▶ [Exercise prompt] Every line of the records below from the line with "Delicate but raw, this" up to and including the line with "Este viernes 10" must be reproduced exactly, and no line outside that range.

BEGIN Extracted material

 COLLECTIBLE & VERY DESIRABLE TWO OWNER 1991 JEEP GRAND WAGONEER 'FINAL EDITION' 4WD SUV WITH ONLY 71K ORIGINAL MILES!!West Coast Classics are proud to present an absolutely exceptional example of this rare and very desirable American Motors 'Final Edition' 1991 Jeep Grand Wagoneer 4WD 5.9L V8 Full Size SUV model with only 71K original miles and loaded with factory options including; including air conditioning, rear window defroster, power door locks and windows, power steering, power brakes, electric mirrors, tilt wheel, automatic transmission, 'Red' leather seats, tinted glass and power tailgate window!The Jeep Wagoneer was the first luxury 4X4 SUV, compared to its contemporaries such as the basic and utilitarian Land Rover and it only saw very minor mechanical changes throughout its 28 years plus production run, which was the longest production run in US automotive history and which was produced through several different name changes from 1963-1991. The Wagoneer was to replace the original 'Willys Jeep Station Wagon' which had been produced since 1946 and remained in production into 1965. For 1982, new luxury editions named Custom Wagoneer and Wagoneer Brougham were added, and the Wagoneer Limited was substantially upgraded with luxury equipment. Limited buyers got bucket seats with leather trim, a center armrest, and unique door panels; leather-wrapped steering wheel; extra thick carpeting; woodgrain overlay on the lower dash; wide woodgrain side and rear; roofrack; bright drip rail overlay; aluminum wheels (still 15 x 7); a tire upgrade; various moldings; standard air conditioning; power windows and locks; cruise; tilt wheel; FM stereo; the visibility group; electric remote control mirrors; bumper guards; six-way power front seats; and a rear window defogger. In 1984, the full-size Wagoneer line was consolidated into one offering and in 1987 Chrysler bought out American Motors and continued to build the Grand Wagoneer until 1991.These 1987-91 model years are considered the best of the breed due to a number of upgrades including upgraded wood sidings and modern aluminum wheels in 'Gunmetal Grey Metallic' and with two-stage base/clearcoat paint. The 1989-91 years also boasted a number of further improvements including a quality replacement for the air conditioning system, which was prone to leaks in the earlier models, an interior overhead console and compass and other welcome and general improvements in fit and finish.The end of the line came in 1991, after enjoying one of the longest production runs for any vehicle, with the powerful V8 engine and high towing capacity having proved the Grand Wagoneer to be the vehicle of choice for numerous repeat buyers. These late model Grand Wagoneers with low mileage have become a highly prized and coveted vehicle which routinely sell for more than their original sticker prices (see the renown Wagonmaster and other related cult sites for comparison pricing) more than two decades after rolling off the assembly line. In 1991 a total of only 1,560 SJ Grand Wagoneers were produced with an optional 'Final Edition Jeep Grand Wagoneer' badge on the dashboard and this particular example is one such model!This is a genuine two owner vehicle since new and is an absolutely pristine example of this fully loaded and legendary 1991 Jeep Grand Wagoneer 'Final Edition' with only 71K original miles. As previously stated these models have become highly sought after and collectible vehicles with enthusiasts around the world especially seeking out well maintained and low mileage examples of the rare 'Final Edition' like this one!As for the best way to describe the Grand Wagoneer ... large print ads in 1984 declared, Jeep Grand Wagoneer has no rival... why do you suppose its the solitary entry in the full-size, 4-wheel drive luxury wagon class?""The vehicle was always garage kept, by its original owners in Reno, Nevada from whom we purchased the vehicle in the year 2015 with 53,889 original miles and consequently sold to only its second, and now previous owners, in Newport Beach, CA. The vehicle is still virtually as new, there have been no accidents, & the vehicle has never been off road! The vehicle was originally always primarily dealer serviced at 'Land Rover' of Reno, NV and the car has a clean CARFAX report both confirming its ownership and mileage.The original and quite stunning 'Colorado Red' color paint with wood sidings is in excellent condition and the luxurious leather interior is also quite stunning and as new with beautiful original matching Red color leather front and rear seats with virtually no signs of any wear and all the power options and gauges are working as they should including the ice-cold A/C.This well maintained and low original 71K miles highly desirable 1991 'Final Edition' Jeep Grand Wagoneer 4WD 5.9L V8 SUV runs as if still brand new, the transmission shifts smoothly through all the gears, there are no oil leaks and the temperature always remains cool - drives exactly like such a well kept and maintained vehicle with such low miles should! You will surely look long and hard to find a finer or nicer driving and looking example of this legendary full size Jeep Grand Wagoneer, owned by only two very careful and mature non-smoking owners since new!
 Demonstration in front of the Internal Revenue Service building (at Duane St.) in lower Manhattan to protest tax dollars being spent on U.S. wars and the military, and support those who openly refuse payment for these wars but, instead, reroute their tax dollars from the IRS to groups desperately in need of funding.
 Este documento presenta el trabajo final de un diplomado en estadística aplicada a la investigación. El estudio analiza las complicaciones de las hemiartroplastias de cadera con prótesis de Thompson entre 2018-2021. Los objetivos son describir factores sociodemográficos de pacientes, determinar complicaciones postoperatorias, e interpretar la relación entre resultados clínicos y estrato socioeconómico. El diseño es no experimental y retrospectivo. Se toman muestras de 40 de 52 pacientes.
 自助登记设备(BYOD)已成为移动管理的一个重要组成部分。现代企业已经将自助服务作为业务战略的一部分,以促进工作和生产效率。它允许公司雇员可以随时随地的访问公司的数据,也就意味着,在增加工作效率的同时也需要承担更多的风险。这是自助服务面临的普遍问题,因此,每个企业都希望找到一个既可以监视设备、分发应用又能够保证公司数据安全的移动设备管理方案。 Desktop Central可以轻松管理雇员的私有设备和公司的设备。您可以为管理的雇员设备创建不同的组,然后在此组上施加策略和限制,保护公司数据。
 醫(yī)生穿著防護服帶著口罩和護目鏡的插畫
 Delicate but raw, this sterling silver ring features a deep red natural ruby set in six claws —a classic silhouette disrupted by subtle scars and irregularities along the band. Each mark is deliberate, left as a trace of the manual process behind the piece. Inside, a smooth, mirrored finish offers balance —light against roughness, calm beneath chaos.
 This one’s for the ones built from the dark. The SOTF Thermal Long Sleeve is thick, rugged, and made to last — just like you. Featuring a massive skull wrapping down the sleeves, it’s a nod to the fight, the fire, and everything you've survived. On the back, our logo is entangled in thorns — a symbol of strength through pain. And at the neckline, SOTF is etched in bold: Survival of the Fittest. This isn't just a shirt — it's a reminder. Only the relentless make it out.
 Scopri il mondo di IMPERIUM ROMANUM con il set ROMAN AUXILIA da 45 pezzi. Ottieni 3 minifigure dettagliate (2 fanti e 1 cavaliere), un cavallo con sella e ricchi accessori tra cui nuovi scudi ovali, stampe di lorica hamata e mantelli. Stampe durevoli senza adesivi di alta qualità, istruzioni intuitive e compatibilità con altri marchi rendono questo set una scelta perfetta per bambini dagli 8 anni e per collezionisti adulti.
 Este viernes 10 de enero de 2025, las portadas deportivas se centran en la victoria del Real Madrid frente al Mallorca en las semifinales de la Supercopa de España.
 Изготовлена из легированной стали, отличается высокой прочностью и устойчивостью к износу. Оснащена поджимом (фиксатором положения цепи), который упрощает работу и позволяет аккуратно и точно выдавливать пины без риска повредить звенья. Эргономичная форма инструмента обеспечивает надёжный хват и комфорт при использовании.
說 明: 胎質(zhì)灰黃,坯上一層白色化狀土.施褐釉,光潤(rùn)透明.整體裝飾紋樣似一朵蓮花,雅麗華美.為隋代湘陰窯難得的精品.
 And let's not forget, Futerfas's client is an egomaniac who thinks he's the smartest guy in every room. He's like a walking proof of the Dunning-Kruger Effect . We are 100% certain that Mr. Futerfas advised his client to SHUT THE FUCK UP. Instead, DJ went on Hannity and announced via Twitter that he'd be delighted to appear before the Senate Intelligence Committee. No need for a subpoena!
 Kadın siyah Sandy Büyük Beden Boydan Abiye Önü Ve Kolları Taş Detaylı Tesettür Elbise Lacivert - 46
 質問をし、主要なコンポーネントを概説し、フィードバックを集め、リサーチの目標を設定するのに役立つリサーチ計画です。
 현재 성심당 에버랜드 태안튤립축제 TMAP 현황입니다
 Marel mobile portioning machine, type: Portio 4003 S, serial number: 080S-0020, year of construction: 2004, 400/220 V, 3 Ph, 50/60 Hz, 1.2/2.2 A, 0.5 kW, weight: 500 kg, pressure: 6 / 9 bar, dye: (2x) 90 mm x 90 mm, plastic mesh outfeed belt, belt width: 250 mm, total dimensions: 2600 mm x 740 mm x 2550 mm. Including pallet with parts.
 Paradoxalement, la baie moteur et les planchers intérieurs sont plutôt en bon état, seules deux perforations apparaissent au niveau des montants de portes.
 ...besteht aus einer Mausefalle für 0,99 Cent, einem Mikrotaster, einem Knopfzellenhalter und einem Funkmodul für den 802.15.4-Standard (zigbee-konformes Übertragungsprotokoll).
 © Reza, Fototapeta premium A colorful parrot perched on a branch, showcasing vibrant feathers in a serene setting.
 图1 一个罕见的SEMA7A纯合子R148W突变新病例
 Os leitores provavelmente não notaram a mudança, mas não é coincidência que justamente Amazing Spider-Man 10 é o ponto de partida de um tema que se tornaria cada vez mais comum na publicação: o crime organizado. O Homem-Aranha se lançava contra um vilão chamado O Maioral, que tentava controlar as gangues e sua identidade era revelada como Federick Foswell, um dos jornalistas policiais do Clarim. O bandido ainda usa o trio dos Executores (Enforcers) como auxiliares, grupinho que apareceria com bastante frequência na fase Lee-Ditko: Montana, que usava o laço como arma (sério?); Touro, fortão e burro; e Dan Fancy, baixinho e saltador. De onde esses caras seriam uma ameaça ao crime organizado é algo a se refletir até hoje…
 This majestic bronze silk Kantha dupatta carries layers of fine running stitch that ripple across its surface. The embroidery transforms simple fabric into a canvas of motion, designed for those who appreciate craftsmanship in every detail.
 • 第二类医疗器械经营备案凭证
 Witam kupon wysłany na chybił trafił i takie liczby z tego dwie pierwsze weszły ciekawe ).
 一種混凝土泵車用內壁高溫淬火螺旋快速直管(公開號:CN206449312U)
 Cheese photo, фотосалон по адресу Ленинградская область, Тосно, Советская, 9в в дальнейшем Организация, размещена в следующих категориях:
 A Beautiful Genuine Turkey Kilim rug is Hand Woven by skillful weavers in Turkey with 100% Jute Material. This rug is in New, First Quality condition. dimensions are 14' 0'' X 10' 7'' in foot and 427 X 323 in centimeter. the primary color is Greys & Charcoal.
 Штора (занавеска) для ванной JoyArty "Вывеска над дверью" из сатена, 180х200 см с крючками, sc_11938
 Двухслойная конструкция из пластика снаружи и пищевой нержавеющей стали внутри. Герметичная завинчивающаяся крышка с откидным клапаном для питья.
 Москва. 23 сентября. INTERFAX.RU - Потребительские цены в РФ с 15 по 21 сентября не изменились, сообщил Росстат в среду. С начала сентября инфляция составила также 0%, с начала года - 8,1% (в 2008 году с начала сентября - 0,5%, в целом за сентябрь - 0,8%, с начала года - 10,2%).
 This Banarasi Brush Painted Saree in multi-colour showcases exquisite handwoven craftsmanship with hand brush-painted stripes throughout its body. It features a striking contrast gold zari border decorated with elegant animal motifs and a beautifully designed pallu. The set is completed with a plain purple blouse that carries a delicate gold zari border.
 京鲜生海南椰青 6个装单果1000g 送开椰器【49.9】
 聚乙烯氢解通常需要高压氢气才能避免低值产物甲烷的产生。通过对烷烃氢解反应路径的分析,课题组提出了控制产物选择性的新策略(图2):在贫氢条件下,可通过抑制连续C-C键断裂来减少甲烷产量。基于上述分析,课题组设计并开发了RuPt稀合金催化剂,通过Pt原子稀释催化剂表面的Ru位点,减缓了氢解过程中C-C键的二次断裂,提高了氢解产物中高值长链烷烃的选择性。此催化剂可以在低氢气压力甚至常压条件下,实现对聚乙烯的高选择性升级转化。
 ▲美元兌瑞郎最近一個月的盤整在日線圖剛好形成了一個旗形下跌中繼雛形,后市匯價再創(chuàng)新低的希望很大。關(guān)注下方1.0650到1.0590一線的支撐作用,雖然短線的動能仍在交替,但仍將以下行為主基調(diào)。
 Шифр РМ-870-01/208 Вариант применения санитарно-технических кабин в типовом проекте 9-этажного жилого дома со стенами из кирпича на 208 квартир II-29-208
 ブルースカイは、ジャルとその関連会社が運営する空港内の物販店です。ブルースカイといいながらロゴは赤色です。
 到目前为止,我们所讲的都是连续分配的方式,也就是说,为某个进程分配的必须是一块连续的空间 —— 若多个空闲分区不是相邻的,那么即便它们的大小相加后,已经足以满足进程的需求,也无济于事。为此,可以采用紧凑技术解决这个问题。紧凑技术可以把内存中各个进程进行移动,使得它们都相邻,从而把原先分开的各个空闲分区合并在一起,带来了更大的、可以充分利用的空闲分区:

END Extracted material

▶ [Answer to this task]
 Delicate but raw, this sterling silver ring features a deep red natural ruby set in six claws —a classic silhouette disrupted by subtle scars and irregularities along the band. Each mark is deliberate, left as a trace of the manual process behind the piece. Inside, a smooth, mirrored finish offers balance —light against roughness, calm beneath chaos.
 This one’s for the ones built from the dark. The SOTF Thermal Long Sleeve is thick, rugged, and made to last — just like you. Featuring a massive skull wrapping down the sleeves, it’s a nod to the fight, the fire, and everything you've survived. On the back, our logo is entangled in thorns — a symbol of strength through pain. And at the neckline, SOTF is etched in bold: Survival of the Fittest. This isn't just a shirt — it's a reminder. Only the relentless make it out.
 Scopri il mondo di IMPERIUM ROMANUM con il set ROMAN AUXILIA da 45 pezzi. Ottieni 3 minifigure dettagliate (2 fanti e 1 cavaliere), un cavallo con sella e ricchi accessori tra cui nuovi scudi ovali, stampe di lorica hamata e mantelli. Stampe durevoli senza adesivi di alta qualità, istruzioni intuitive e compatibilità con altri marchi rendono questo set una scelta perfetta per bambini dagli 8 anni e per collezionisti adulti.
 Este viernes 10 de enero de 2025, las portadas deportivas se centran en la victoria del Real Madrid frente al Mallorca en las semifinales de la Supercopa de España.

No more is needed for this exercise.